Artist: Thomas C. Corner, Oil on Canvas
Edward Nathaniel Brush was an American
physician and a renown editor of medical and psychiatric journals. He was born
in Erie County, New York, and attended public and private schools. He entered
the Department of Medicine of the University of Buffalo, where he graduated in
1874. In 1871, while still in residency, he began working under the famous
physician, Dr. Julius Miner, professor of Surgery, and owner of The Buffalo
Journal of Medicine and Surgery.
After receiving his medical degree,
Brush opened a private practice in the city of Buffalo, New York. While there
he served as editor for 'The Buffalo Journal of Medicine and Surgery' from 1874
to 1878, and published four articles in this medical journal. He lectured on
the subject of electro-therapeutics at the University of Buffalo Medical School
from 1877 to 1879, and was also a visiting physician at the Sisters of Charity
Hospital in Buffalo at that same time. In 1878, he accepted the position of
assistant physician at the Utica State Hospital, and practiced inpatient psychiatry
there until 1884. At the time, Utica State Hospital owned and published
The American Journal of
Insanity, with John Gray, as its editor. While employed with
Utica, Brush became associate editor of the journal.
In 1884, his former colleague at
Utica, John Chapin, was called to the Institute of the Pennsylvania Hospital in Philadelphia
to become physician-in-chief of the Department of the Insane. Chapin invited
Brush to join him in Philadelphia as his assistant physician, and Brush
graciously accepted the offer. There he worked for two years under Dr. Chaplin,
all the while he continued working with the editorial board of The American Journal of
Insanity. Sheppard-Pratt Hospital, a private mental hospital in Baltimore, Maryland, opened in
1891, and Brush accepted the job as new physician-in-chief of the facility. He
stayed there until his retirement from formal practice in 1920. Also during
this time he resumed his academic work, and was a professor of psychiatry at
the College of Physicians and Surgeons in Baltimore, from 1899 to 1915. He
continued to serve on the editorial Board and as editor of The American Journal
of Insanity, which became The American Journal of Psychiatry in 1921 when it was
bought by the American Psychiatric Association (APA).

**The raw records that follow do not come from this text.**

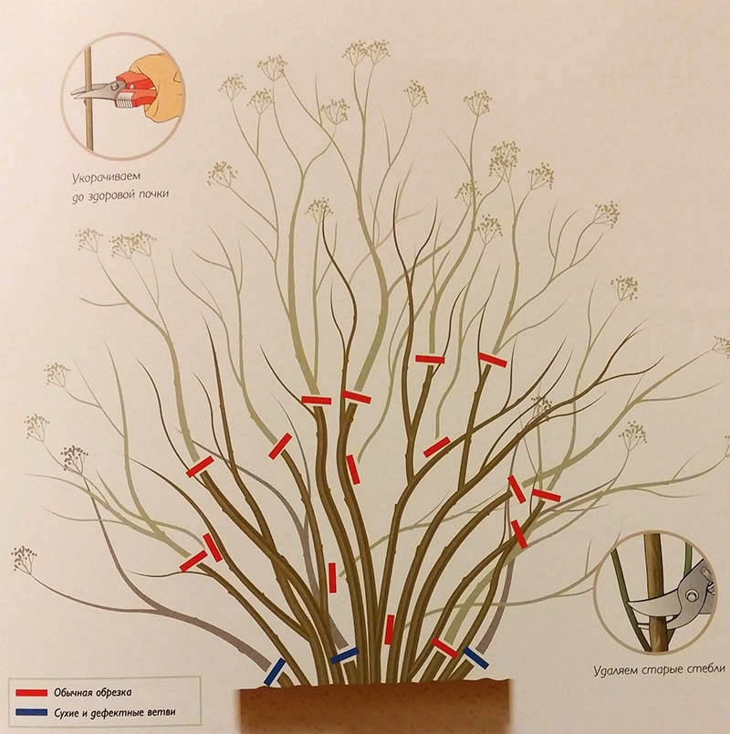 Når busken har falmet og høsten kommer, er det på tide å begynne å beskjære. Gamle busker beskjæres og etterlater hamp med 2-3 knopper. På unge busker fjernes tykkende kroner eller syke skudd.
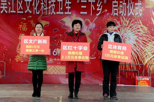1月18日,2016年吴江区文化、科技、卫生“三下乡”活动在吴江开发区(同里镇)屯溪社区拉开帷幕。
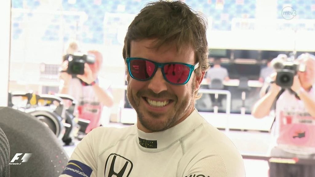 McLarenin tähtikuski Fernando Alonso oli tavallista iloisemmalla päällä Bahrainin GP:n varikkoalueella.
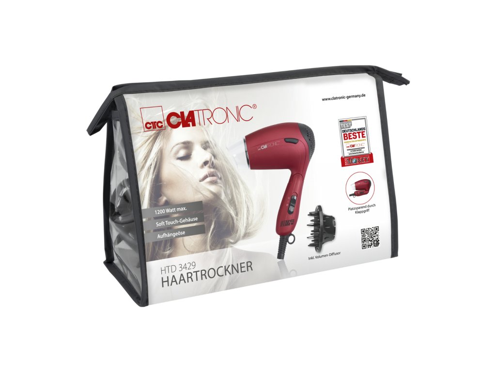 Cestovní fén, 2 rychlosti/teploty, výborný na cestování, sklápěcí rukojeť, měkký protiskluzový materiál, poutko pro zavěšení, difuzér, pouzdro na fén
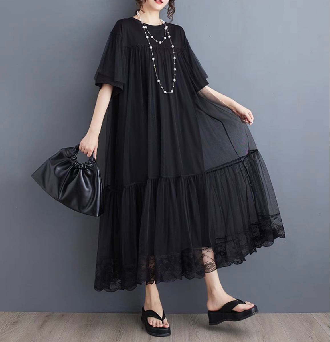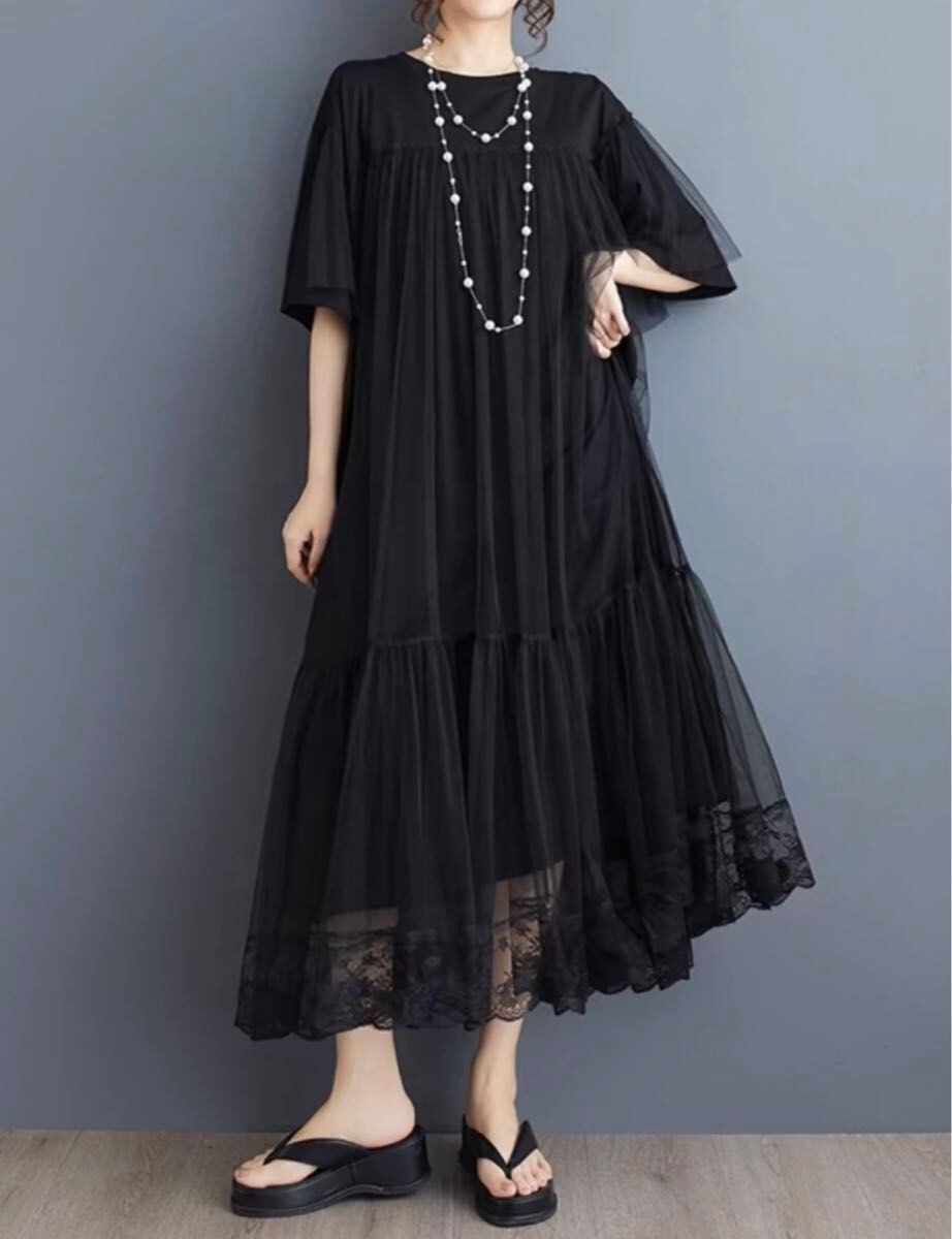 【EEOOOJP】モード系 メッシュ 舞うオール 個性 ドレス ブラックワンピース
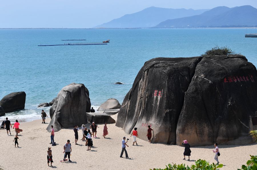 Tourists visit the scenic spot of Tianyahaijiao, or Ends of the Earth, in Sanya, South China's Hainan province, on March 11, 2020. [Photo/Xinhua]
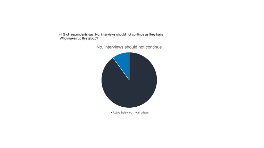 So, we start by looking at people’s experience with bishop interviews. Just a note, in our Church, change does not happen because of survey data, and this is not intended to be a petition for change. This is a snapshot of what people are feeling and thinking about this issue. So, the question is, should interviews continue as they have done, including asking questions of chastity? 56% of our respondents say yes. This number is made up of just over half of the participants describing themselves as believing in some way; they’re either believing active or believing less active. The remaining 44%, they don’t really possess any belief, and they still believe that interviews should continue and continue asking about chastity.
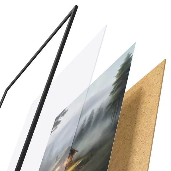 Plakat koosneb raamist, pleksiklaasist, trükitud pildist ja puitlaastplaadist alusplaadist. Tänu tagaküljel olevatele kinnitustele saab plakati kohe seinale riputada.
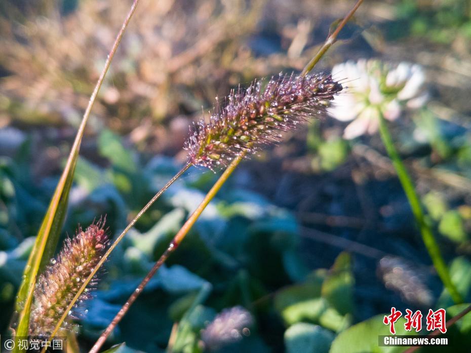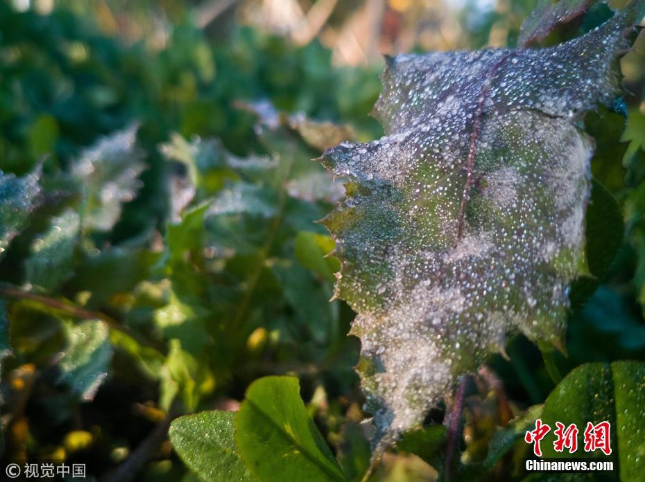 10月15日,在长春一公园内,路边的花草裹上了一层白色的霜冻。当日,长春最低温度跌倒破冰点。席海波 摄 图片来源:视觉中国
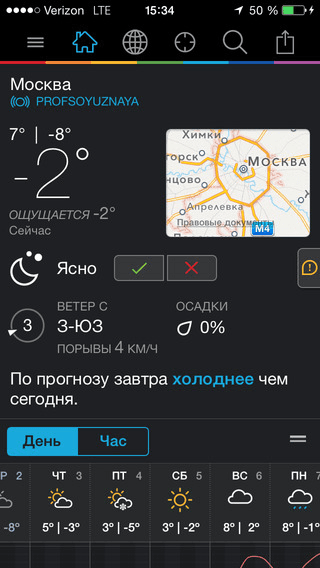 Weather Underground - приложение для получения самого точного прогноза погоды с возможностью доступа к спутниковым данным и картам. Уникальность этой программы в том, что погодные данные формируются с помощью сообщества энтузиастов метеорологии, передающих данные со своих погодных станций на сервер приложения, что позволяют иметь погодную обстановку точно для Вашего местоположения.
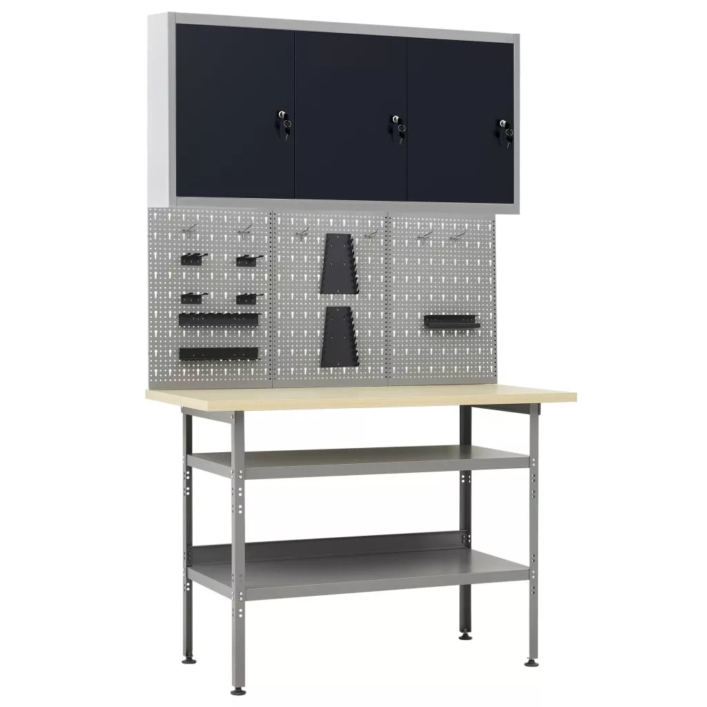 Ez a szett 1 munkapadból, 3 fali panelből és egy faliszekrényből áll, így praktikus tárolási megoldás műhelyében és garázsában. A nagy teherbírású munkapad bőséges tárolóhellyel és 300 kg-os teherbírással rendelkezik. A munkapad 2 nagy polcán könnyen tárolhat fúrókat, kábeldobokat, köszörűket és egyéb szerszámokat. Emellett a lábak magassága állítható. Ez a munkaállomás prémium acélból és forgácslapból készült, így különösen erős, tartós és könnyen tisztítható. Könnyű összeszerelni. Ezek a tömör acélból készült szerszámtartó panelek elbírják a különböző szerszámok, például fúrók, fogók, csavarhúzók és villáskulcsok súlyát. A panelek a szerszámok egyszerű és biztonságos rögzítésének érdekében perforáltak. A 3 fali panel egymáshoz rögzíthető az extra szilárdság érdekében. 120 cm-es szélességű munkapad és műhelyszekrények ideális kiegészítője. A szerszámtárolóban három állítható magasságú polc van, illetve egy perforált lemez lyukakkal, amelyre különféle szerszámok – csavarkulcs, fogó, kalapács stb. – akaszthatók. Három zárható ajtaja (mindkét ajtóhoz 2 kulcs jár) extra biztonságot nyújt. Fémből készült, amelyen különlegesen erős karcálló bevonat van, ezáltal strapabíró és könnyen tisztítható. A terméket össze kell szerelni.
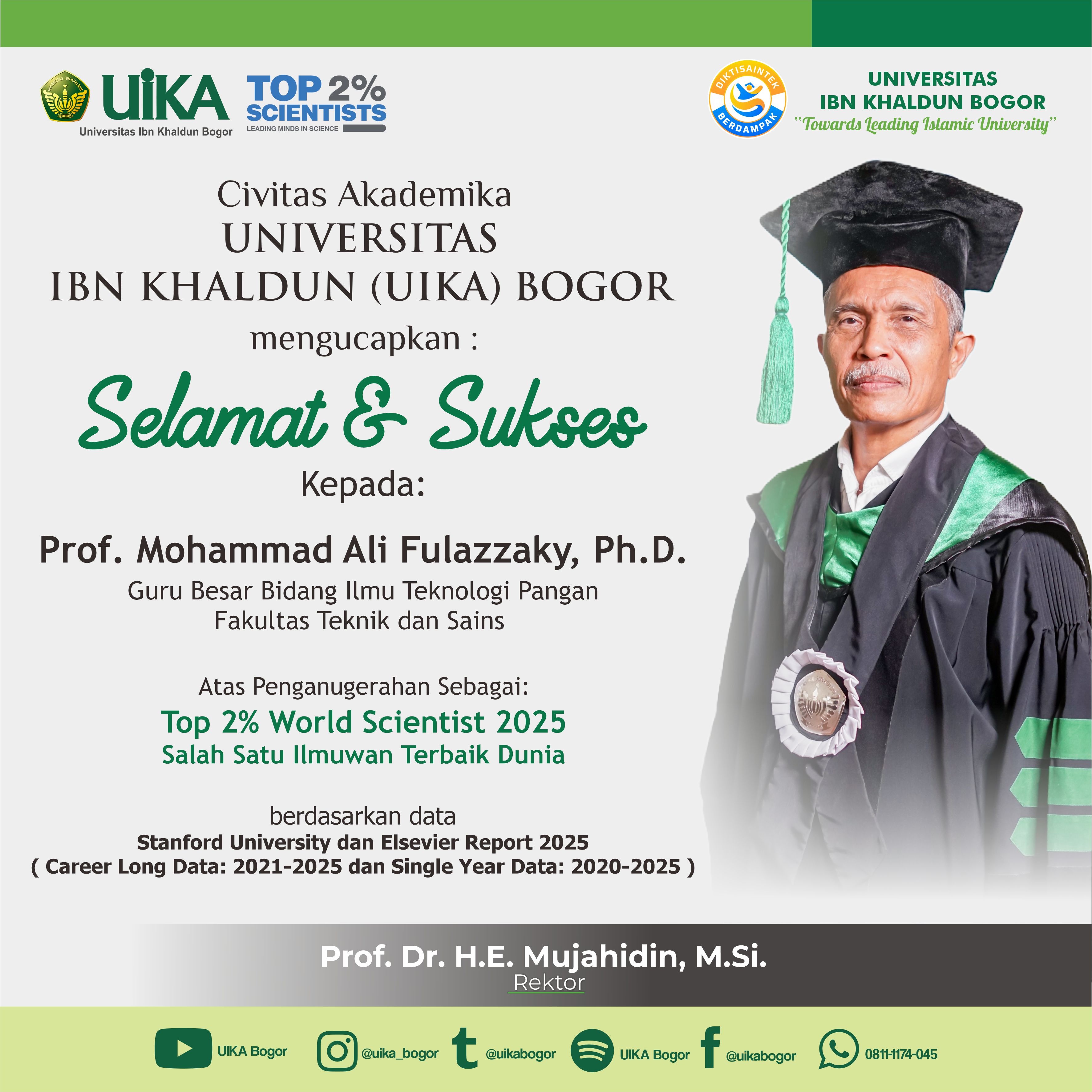 Bogor — Kabar membanggakan kembali datang dari Universitas Ibn Khaldun (UIKA) Bogor. Dosen Program Studi Ilmu Lingkungan, Fakultas Teknik dan Sains, Prof. Mohamad Ali Fulazzaky, dinobatkan sebagai salah satu ilmuwan paling berpengaruh di dunia tahun 2025 oleh Stanford University bekerja sama dengan penerbit ilmiah terkemuka Elsevier.

Brush was active in psychiatric and
mental health activities throughout his professional life. His editorial
positions gave him a window on psychiatric activities in the country. He was
influential among psychiatric and lay groups. He joined the American
Neurological Association in 1890. He served as President of the Baltimore Medical
Society in 1908, and the Medical Chirurgical Society of Maryland in 1904-1905.
He was an honorary member of the Medico-Psychological Association of Great
Britain and Ireland, an honorary member of the Société Royale de Médecine
Mentale de Belgique, and was a Foreign Associate member of the Société
Médico-Psychologique in Paris. He sat as President of the American Psychiatric Association from 1915 to 1916.
In 1908, Dr. Brush donated all of the bricks for the facade of the new building, according to an article in the Maryland Medical Journal, Volume 34, No. 5.
At the annual meeting of the American Psychiatric Association (APA) in 1921, Dr. Brush, moved
that Benjamin Rush's picture should become the emblem of the Association, which had
just recently changed its name. The APA has maintained that same portrait of
Rush since that time.
In 1932, at the 40th meeting of the
American Psychiatric Association, the annual dinner honored Brush on his 80th
birthday. He was presented with a vellum scroll of appreciation for his 41
years on the editorial board The American Journal of Psychiatry, serving as
Editor in Chief for 23 years. After his retirement from Sheppard-Pratt
Hospital, Brush remained in Baltimore until his death from pneumonia in 1933.